L'amico che non ha informazioni su Tenzin sa comunque che Tenzin deve essere un essere umano, non un cane, una pianta, una montagna o qualcos'altro nella foto. Ha delle informazioni; sta cercando un essere umano. Quindi, l'altra persona dice: "No, Tenzin non è nella foto" e ha in mente la persona completa che conosce, il suo amico Tenzin. Sa che Tenzin è una donna e ha una certa età, ecc. La differenza tra i due osservatori della foto è la differenza di informazioni sul soggetto in questione, Tenzin. L'amico ha pochissime informazioni ma sta cercando un essere umano. L'altro, che conosce Tenzin, ne ha molte. 

Questa è una domanda molto interessante. "Non Tenzin", ma non è esattamente lo stesso esempio di ieri. Il tuo esempio è che la persona sa che Tenzin non è il nome di una montagna.

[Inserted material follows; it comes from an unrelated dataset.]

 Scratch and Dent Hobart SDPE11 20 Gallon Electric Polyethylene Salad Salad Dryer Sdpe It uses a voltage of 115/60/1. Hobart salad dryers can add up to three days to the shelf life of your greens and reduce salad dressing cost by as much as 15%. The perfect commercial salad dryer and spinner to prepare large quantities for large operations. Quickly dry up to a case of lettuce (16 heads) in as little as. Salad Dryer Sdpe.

Forse è il nome di una montagna, il monte Tenzin, o il nome di un cane. Avevo un cane in India e il suo nome era Tsultrim, che è anche un nome umano. Questa persona non lo sa. 

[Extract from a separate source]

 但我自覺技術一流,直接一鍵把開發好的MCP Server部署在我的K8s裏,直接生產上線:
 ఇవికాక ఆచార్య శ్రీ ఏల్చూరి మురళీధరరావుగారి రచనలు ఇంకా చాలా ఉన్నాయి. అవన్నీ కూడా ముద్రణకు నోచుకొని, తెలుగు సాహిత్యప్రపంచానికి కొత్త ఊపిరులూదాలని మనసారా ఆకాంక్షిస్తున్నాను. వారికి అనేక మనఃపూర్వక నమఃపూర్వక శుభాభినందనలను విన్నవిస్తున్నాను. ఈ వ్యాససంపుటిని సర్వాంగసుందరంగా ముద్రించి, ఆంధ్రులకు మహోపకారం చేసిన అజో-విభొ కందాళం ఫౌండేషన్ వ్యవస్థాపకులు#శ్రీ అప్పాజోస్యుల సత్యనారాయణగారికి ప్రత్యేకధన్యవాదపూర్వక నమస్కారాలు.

Quindi non ha informazioni? 

Beh, non possiamo esserne certi. Questo è l'esempio che abbiamo usato ieri. Porto il mio amico in India e voglio mostrargli una mangusta. Lui non ha la minima idea di cosa sia e vediamo un gatto. Io penso "non una mangusta", e lui pensa "non una mangusta". Lui pensa "non una mangusta" perché sa che è un gatto e, se fosse una mangusta, vedrebbe qualcosa di diverso. Tuttavia, poiché non vede qualcosa di diverso, a causa di quella non-percezione di qualcos'altro, sa che non è una mangusta. 

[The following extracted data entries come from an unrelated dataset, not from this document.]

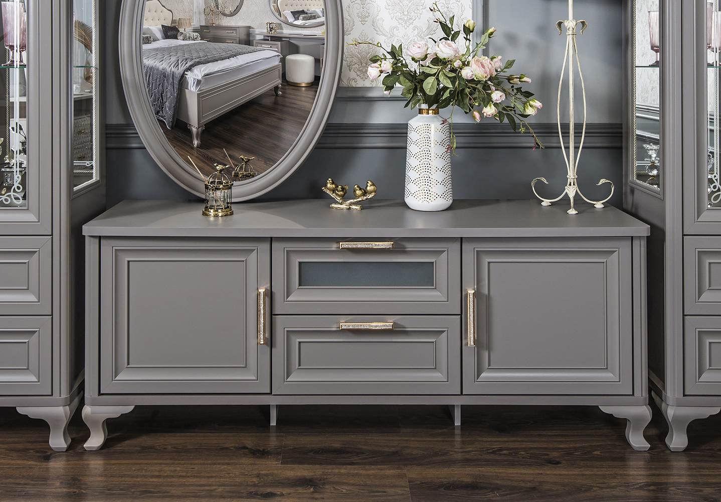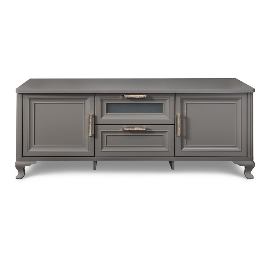 Тумба ТВ Мокко - классический модуль для гостиной, оснащен двумя выдвижными ящиками в центральной части и двумя отделениями за глухой распашной дверью по бокам. Модуль украшен изящными ножками-опорами, фасады - рамочным декором и красивыми латунными ручками со стразами.
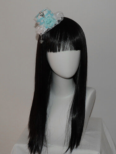 帽子のトリム、クラウンデザイン、レース、ブルー/ピンクの花柄、ミニ装飾
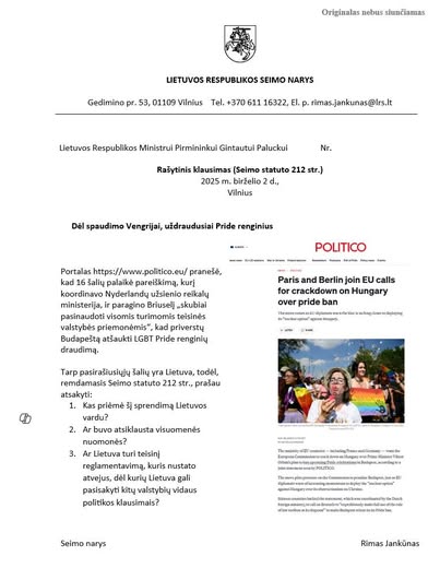 Birželio 2-ąją Seimo narys Rimas Jankūnas kreipėsi į Ministrą Pirmininką Gintautą Palucką, siekdamas išsiaiškinti – kas priėmė sprendimą Lietuvos vardu prisidėti prie 16 Europos Sąjungos šalių pasirašyto pareiškimo, raginančio Briuselį „skubiai pasinaudoti visomis turimomis teisinės valstybės priemonėmis“, kad priverstų Vengriją atšaukti seksualinių mažumų eitynių draudimą.
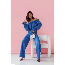 Elegantná a ženská dámska súprava, ktorá spája klasiku s jemnými detailmi. Blúzka s dlhými rukávmi zakončená volánom dodáva ľahkosť a romantiku a španielsky výstrih krásne zvýrazňuje ramená a dekolt, čím dodáva oblečeniu zmyselný charakter. Nohavice s vysokým pásom zvýrazňujú pás a predlžujú nohy, zapínajú sa na boku na skrytý zips, čo dodáva moderný nádych. Na bokoch sú praktické vrecká, ktoré spájajú funkčnosť s elegantným vzhľadom. Je to dokonalá súprava na špeciálne príležitosti, ktorá spája pohodlie s módnym dizajnom.
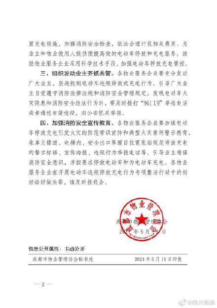5月11日,成都市物业管理协会发布关于进一步加强物业服务区域电动车停放充电管理的紧急通知:坚决制止在楼梯间、安全出口处等公共区域停放电动车!(四川观察)
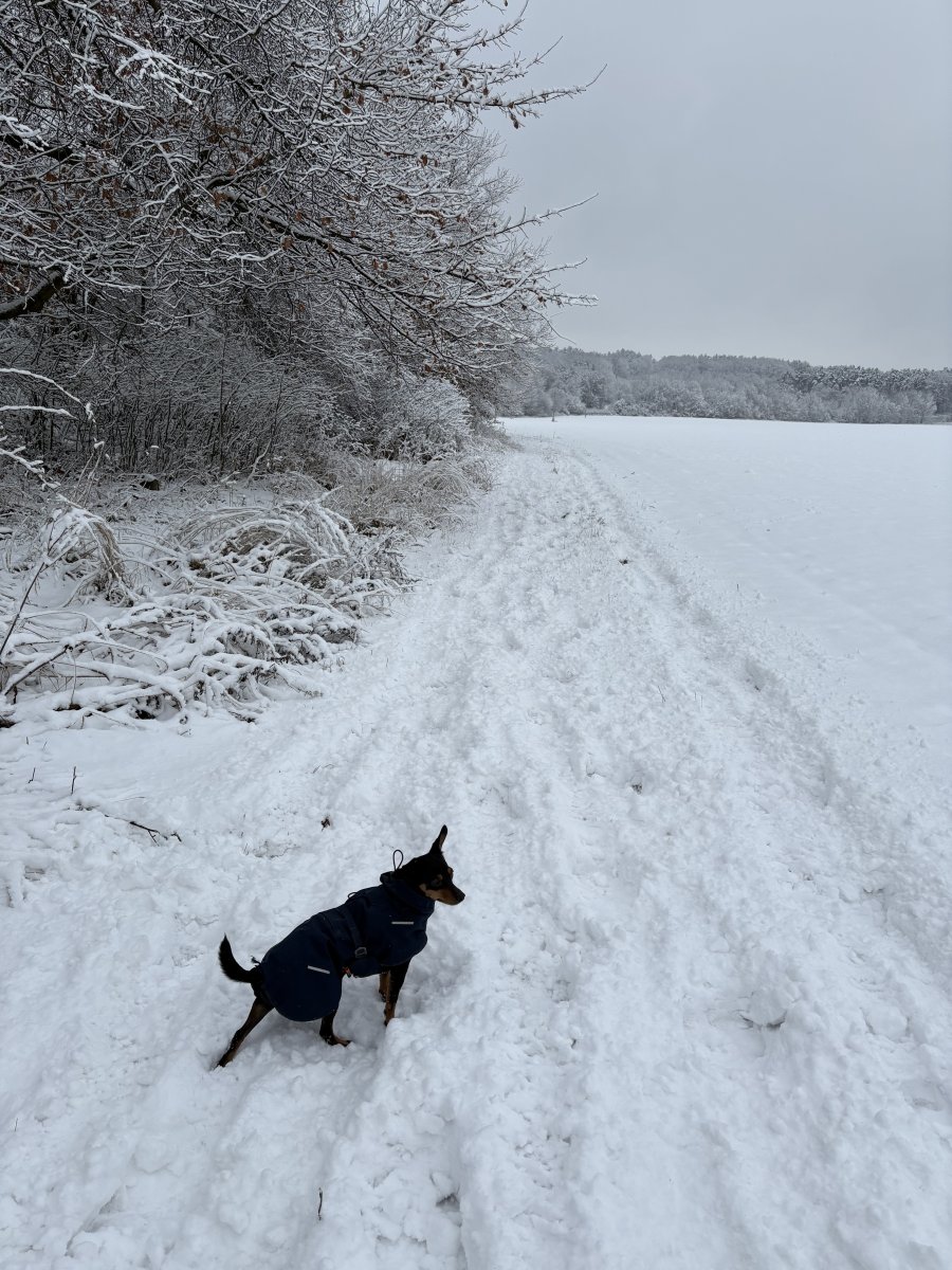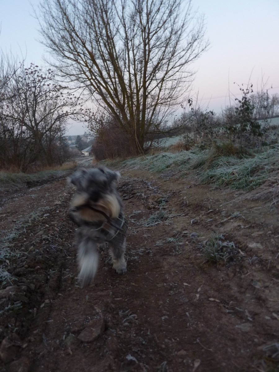 dnes extra s Dafi kousek k lípě,aporty náhubku a činky-mrzlo,mínus 6-bundu nemá schválně,protože nepřetržitě běhala-šla jsem zahradou,hned bez vodítka,za zahradou hned pole,cesta k lípě,takže furt běhala a mě se zdá,že je v té bundě jak robot…
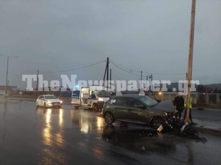 Η γυναίκα οδηγός έχασε τον έλεγχο του αυτοκινήτου της με αποτέλεσμα αυτό να εκτραπεί και να καταλήξει στην κολώνα.

Ora, secondo una scuola filosofica indiana non buddhista, la Mimamsaka (sanscr. Mīmāṃsaka), si direbbe che il suo modo di conoscere è corretto, valido e distinto. Il Buddhismo direbbe no, come fa a saperlo? Forse "mangusta" è la parola indiana per gatto, forse è un tipo di gatto. Lui non lo sa. Quindi, quante informazioni dobbiamo conoscere per escludere qualcosa? Dobbiamo conoscere solo la cosa che stiamo escludendo (una mangusta), o dobbiamo conoscere assolutamente ogni altro fenomeno conoscibile per sapere che ogni possibile fenomeno conoscibile "non è Tenzin"? Non possiamo conoscere ogni altro possibile fenomeno conoscibile ma solo conoscere Tenzin. 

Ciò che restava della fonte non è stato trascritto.